> **GIVEN RECORDS**:
● ● ●

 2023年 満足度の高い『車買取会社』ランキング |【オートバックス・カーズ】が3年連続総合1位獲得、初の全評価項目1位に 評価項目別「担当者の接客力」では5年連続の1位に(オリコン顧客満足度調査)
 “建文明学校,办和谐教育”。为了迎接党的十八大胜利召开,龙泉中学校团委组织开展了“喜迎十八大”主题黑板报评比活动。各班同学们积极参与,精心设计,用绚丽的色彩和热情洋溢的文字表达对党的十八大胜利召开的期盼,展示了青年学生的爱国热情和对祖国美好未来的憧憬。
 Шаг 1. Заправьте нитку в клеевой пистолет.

● ● ●

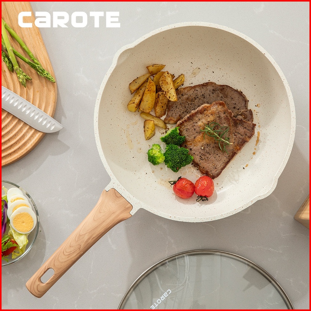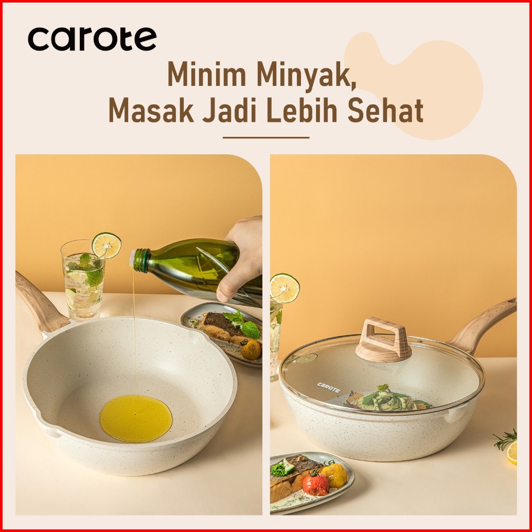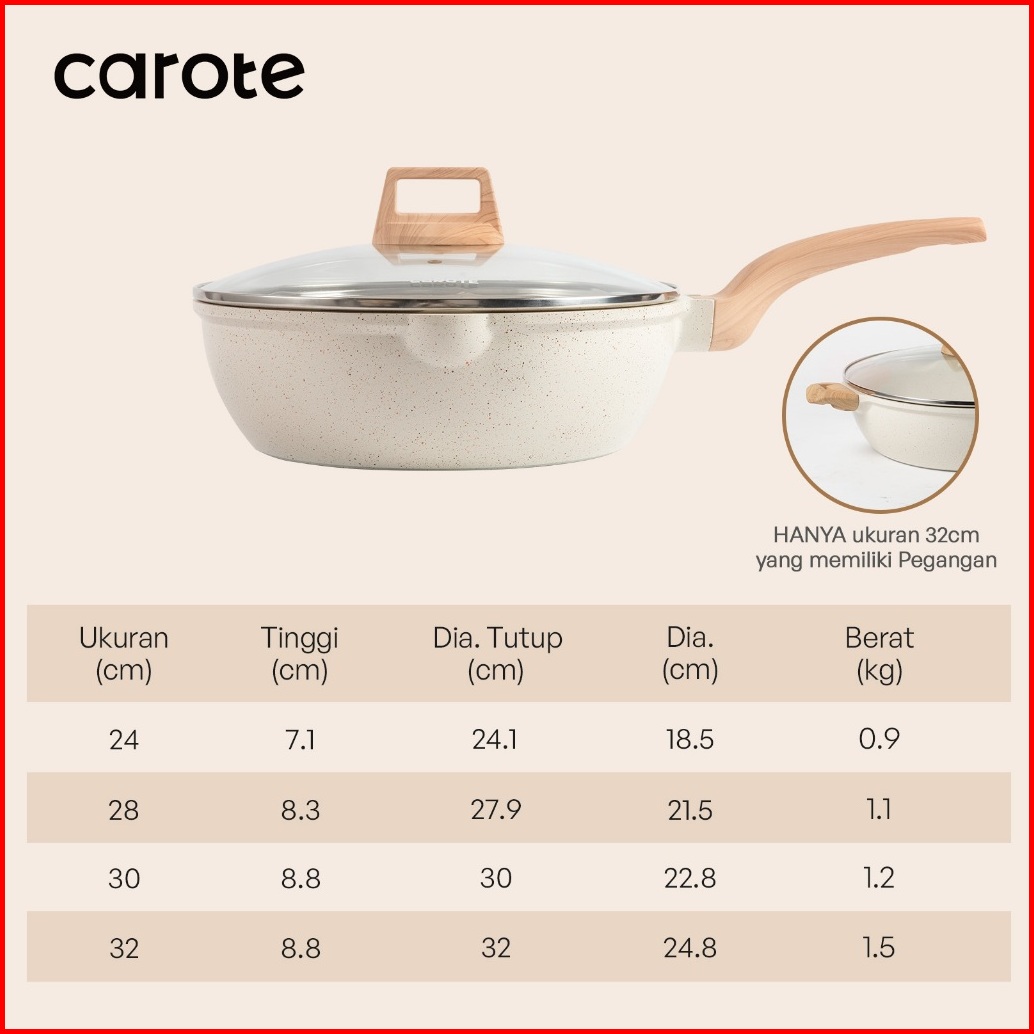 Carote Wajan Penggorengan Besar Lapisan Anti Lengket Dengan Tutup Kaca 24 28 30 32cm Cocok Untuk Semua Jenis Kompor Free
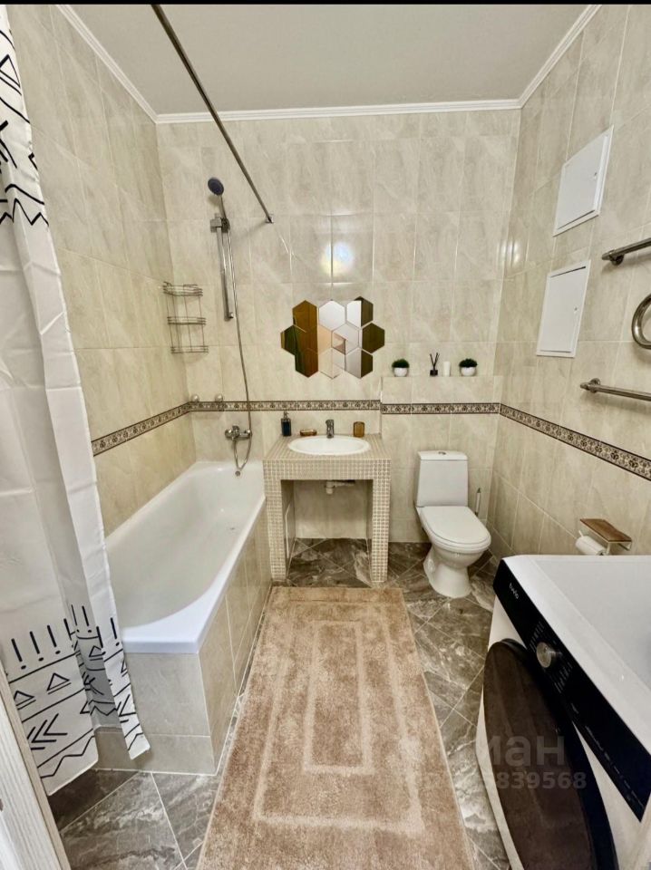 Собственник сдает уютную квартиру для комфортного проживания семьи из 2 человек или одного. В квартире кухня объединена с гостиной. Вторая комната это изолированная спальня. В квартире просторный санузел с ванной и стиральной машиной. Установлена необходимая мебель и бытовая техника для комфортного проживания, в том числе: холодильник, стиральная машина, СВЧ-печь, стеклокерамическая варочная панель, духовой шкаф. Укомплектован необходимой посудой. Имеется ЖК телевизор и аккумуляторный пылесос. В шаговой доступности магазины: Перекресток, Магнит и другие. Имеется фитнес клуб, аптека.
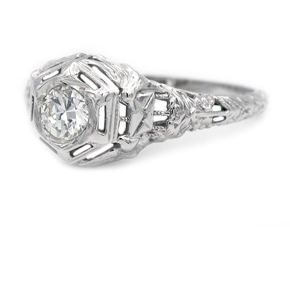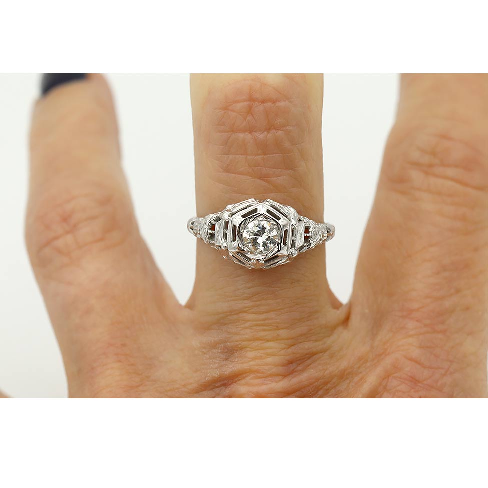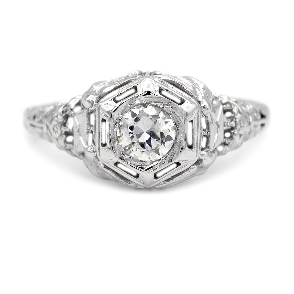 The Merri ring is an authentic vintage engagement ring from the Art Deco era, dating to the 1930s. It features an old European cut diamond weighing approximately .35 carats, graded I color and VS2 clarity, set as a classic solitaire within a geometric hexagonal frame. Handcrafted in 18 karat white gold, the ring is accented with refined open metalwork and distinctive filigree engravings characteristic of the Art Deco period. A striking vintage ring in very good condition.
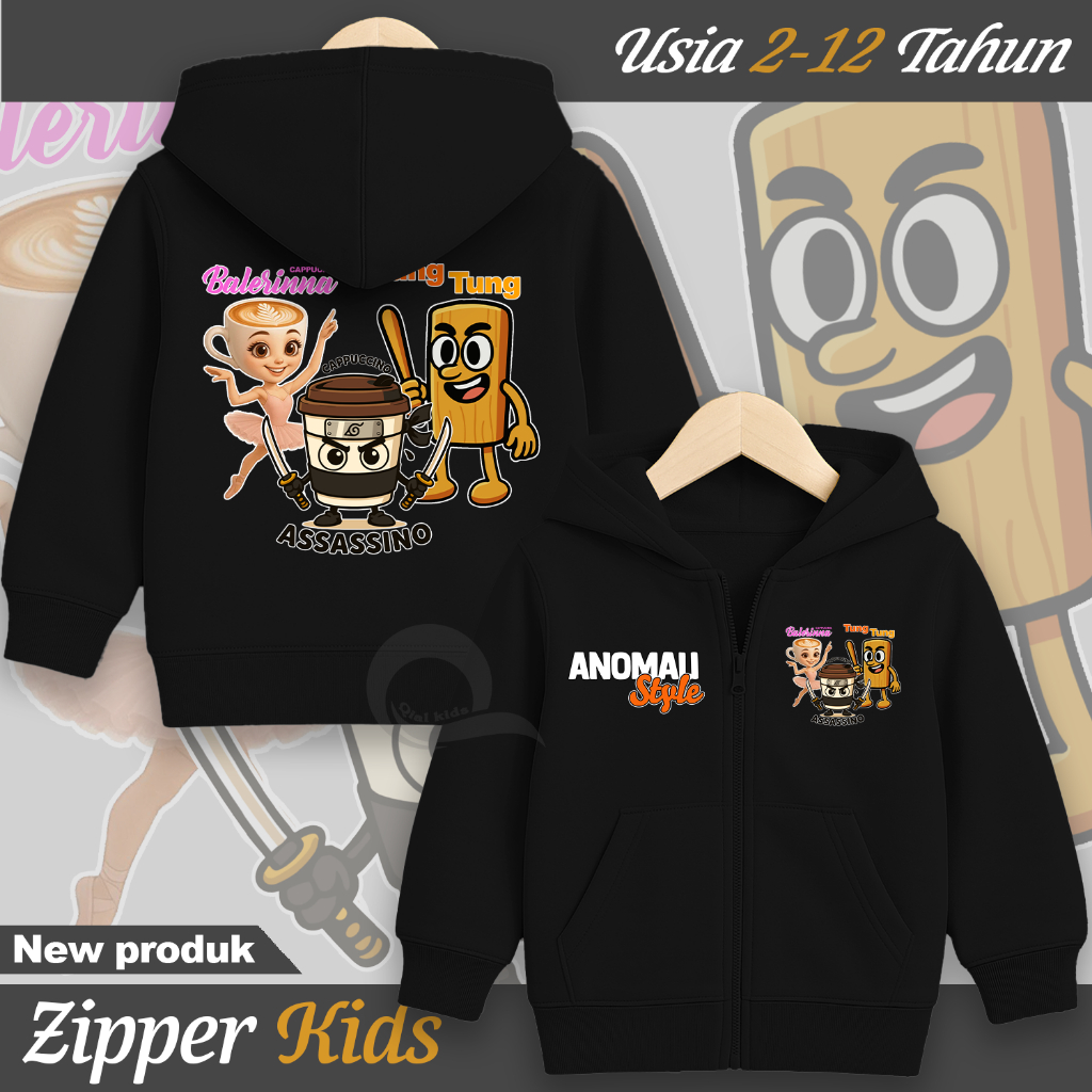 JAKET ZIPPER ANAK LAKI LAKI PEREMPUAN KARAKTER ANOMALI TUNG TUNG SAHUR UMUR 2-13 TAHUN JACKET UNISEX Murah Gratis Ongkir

● ● ●

> **EXERCISE**:
The answer must be the part of the records that opens with the line containing "Carote Wajan Penggorengan" and closes with the line containing "JAKET ZIPPER ANAK", reproduced exactly, with no pictures.

> **RESPONSE**:
 Carote Wajan Penggorengan Besar Lapisan Anti Lengket Dengan Tutup Kaca 24 28 30 32cm Cocok Untuk Semua Jenis Kompor Free
 Собственник сдает уютную квартиру для комфортного проживания семьи из 2 человек или одного. В квартире кухня объединена с гостиной. Вторая комната это изолированная спальня. В квартире просторный санузел с ванной и стиральной машиной. Установлена необходимая мебель и бытовая техника для комфортного проживания, в том числе: холодильник, стиральная машина, СВЧ-печь, стеклокерамическая варочная панель, духовой шкаф. Укомплектован необходимой посудой. Имеется ЖК телевизор и аккумуляторный пылесос. В шаговой доступности магазины: Перекресток, Магнит и другие. Имеется фитнес клуб, аптека.
 The Merri ring is an authentic vintage engagement ring from the Art Deco era, dating to the 1930s. It features an old European cut diamond weighing approximately .35 carats, graded I color and VS2 clarity, set as a classic solitaire within a geometric hexagonal frame. Handcrafted in 18 karat white gold, the ring is accented with refined open metalwork and distinctive filigree engravings characteristic of the Art Deco period. A striking vintage ring in very good condition.
 JAKET ZIPPER ANAK LAKI LAKI PEREMPUAN KARAKTER ANOMALI TUNG TUNG SAHUR UMUR 2-13 TAHUN JACKET UNISEX Murah Gratis Ongkir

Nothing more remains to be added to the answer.